“Constant dripping hollows out a stone.” ~ Lucretius
While I was cooking dinner last night, my daughter brought in the kitchen a small bag of seashells we found at the beach the past summer. She emptied the sack on the table and lined up the shells, largest to smallest. When I looked at the display, I noticed she had three large shells and several smaller ones, but while the little shells were mostly intact and still quite sharp at the edges, the larger shells were smooth and worn out, some of them missing parts.
I asked my daughter her opinion as to why the bigger shells were either broken or smooth at the edges, and her reply was instantaneous – the larger ones were thrown around with more force by the waves.
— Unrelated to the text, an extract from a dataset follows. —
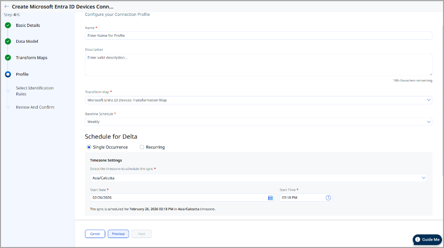 - Select a Baseline Schedule - applicable for recurring schedules. This defines how frequently a full snapshot is taken. For example, if the baseline is set to Weekly, the connector fetches a full snapshot on the first run, then fetches only delta changes until the week ends, after which a full snapshot is taken again.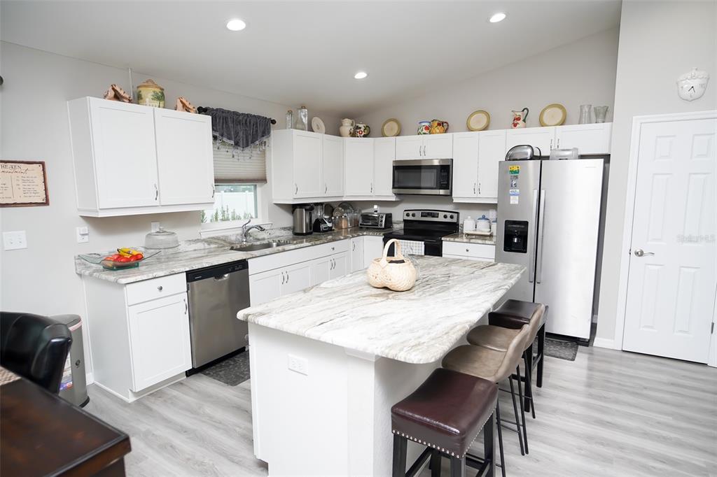 Welcome to this stunning 3-bedroom, 2-bath home featuring a spacious and thoughtfully designed open floorplan. the main living areas and bedrooms are finished with durable and stylish luxury vinyl plank (lvp) flooring, while the bathrooms showcase elegant tile for a clean and polished look. the heart of the home is the gourmet kitchen, complete with wood shaker cabinets, sleek granite countertops, stainless steel appliances, and a large island perfect for meal prep or casual dining. whether you're hosting guests or enjoying a quiet night in, the open layout seamlessly connects the kitchen to the living and dining areas, creating a warm and inviting atmosphere. additional highlights include a 2-car garage, a water softener system for added comfort, and modern finishes throughout. this move-in-ready home offers the perfect blend of function and style—ideal for families, entertainers, or anyone seeking a low-maintenance lifestyle in a beautifully appointed space.13358 SW 111, DUNNELLON, FL 34432

Intrigued by her reply, I asked her why the waves would be harder on the larger shells, and her response to this question was that when something is small the wave takes it away, while “big things” stay where they are and the waves crash against them. That said, something else caught her attention and she left the kitchen. Of course, she also left me with a little food for thought.
Was she correct? Did the big shells get damaged more because they resisted the waves? Maybe, going along with the random and brilliant thinking trail only children can follow, Morgan had hit on something real.
To test her theory, I went into the backyard to the little stream that runs behind our house and looked at the rocks on the bed – the small ones had sharp edges, while the larger ones were smooth and hollow in spots where the water constantly trickles.
The rocks small enough to move with the water during a storm were only scattered around and not damaged, while the larger ones – too heavy to be moved but by a great volume of water – rested in place and could not escape the damage.
When we move with the flow, although we might feel scattered to the four winds and unable to maintain a steady ground, we are likely to come out of the storm unscathed – flexibility allows us to come through in one piece. On the contrary, when we are too stubborn to move, and we stand our ground even when the current pushes against us, we cannot avoid coming out of the storm with at least some visible damage.
Structures and mindsets that don’t allow room for change are doomed to fail, and it will be only a matter of time before even an apparently harmless trickle of opposing energy will carve a hole in their foundations.
I went back inside and carried a couple of those rocks with me to show my daughter, but mostly to remind myself that fluid thinking and wave-riding can be priceless tools we can’t afford to walk into the future without.